Image: Teemu Kiviniemi
Jarno Koponen
Who decides what journalism is and what makes the news headlines in the digital era?
What is the point in media houses’ journalistic aspirations in a world in which technology giants are the gatekeepers of knowledge, and memes spread faster than any other content on social media platforms?

What should be done in order to make journalism help people understand the surrounding world a bit better: the world in which ground-breaking societal events and our everyday behaviour turn into data on digital giants’ servers?

The internet’s “journalistic direction”

The world order of journalism has changed: technology giants such as Google, Facebook and Baidu are in charge of the internet’s “journalistic direction”. Technology companies have turned into curators whose values, business principles and systems have a direct impact on what kind of (news) content billions of people see and experience.

News media are unable to understand how different factors, ranging from recommendation algorithms to meta data invisible for users, affect the presentation and spread of journalistic content. To give a concrete example, when journalists publish content in the news flow of social media or on Youtube, they can no longer define how, or on what grounds, the content will be shown to people.

Memes are shared on Instagram seven times more than other type of content. The character of this social media platform gears people into creating emotive memes instead of profound analyses.
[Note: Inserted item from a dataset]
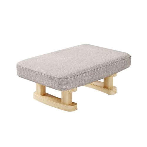 Aibiju Foot Stool, Ottoman Pouffe Stool, Low Stool Fabric Sofa Stool Cover 4 Beech Legs Suitable for Bedroom, Living Room and Kitchen, (Brown Leg + Grey cushion), YDEU-1355
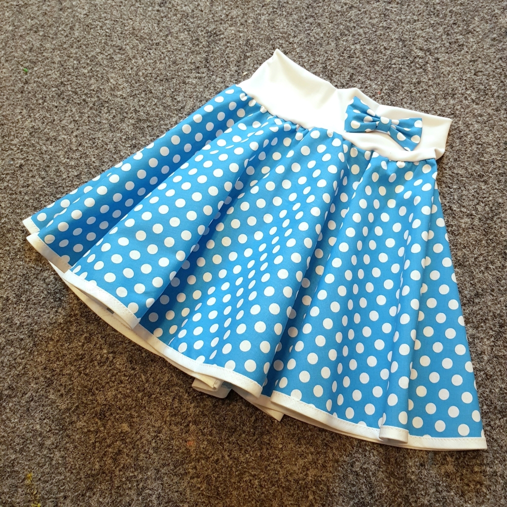 Sukně v retro stylu je ušitá z puntíkované bavlněné látky - tyrkysově modrý podklad a bílé puntíky o velikosti 1 cm. Je kolová a má bílý pružný pasový límec, který se dobře přizpůsobí a je velmi pohodlný. Spodní okraj je bíle olemovaný. K sukni navíc dostanete mašličku jako sponku do vlasů.

What is more significant to journalism, though, is the fact that unique information on the actions of individuals, communities, companies, society and the environment is hiding in the data chambers of big digital giants. This leads into a big question: how can we deal with the phenomena and events of the contemporary world in a profound manner if we cannot have access to information crucial for understanding them?

The future of journalism will not lie in technology

Right now, big technology companies affect the daily work of news media, and reform journalistic activities, but Yle, BBC, The New York Times or any other journalistic operator cannot directly challenge the internet giants in a technology contest. Yle is not, and cannot be, an AI company. Our strength lies in content. We can be the winners in that game.

Do the current journalistic methods, forms and publishing channels suffice, if we want to create a really eloquent and personal content experience on a complex topic? How will we present and analyse, for instance, future elections, if the results are influenced more strongly by skilfully targeted social media memes and discussions in closed groups than by election debates and politicians’ speeches at local marketplaces?

In order to produce meaningful journalism in a world in which the digital reality and physical world are seamlessly intertwined, editorial offices have to understand the structures underpinning the digital world in a more profound and broader manner from the perspective and objectives of journalism.

We have to be able to combine journalism and different technological applications and methods of human sciences ranging from AI to qualitative user surveys, and use this information as part of journalistic work, so that we can help people and ourselves see the world more clearly than now.

Who decides what you see?

If you only search for information on Google or follow international events through established news media, their values, algorithms and business models have a direct impact on what kind of information you have access to, how you see the world, and how you talk about it.

The editorial staff’s digital knowledge and tools directly influence what kind of journalistic decisions and content are made. And so, digital knowledge and data understanding have to become a part of journalistic key competence.

We have to create new approaches, working methods and tools that will help editorial offices and journalists in their work in a concrete manner. This means three key points:

  1. We will create new methods for editorial offices and journalists that will help them understand everyday digital reality and the world of data more fluently. The fact that almost everything we do leaves a digital imprint which affects what will happen next. It is our own responsibility, and the prerequisite of journalistic work of the future, to better understand the effect of data reality on people and society.
  2. We will make sure that journalistic content and service development will be made in a more multidisciplinary manner in the future. New methods of personal storytelling and interactive experiences are not generated by technological developments: journalists, service designers, data scientists, dramatists and application developers have to work together.
  3. Furthermore, while developing new storytelling methods, we aim to understand what we can do better than anyone else. Which stories are the ones that nobody else would tell, and which topics would nobody else deal with?

The playoffs of media houses have already started in the USA, and will start in Europe, too. Totally new openings and revolutionaries are rare in the field. In the bigger picture, the news media that concentrate on optimising journalistic activities based on old world principles will no longer be part of people’s everyday life in the future. If news media cannot reform journalism, the technology giants of today and the future will define what journalism means to future generations.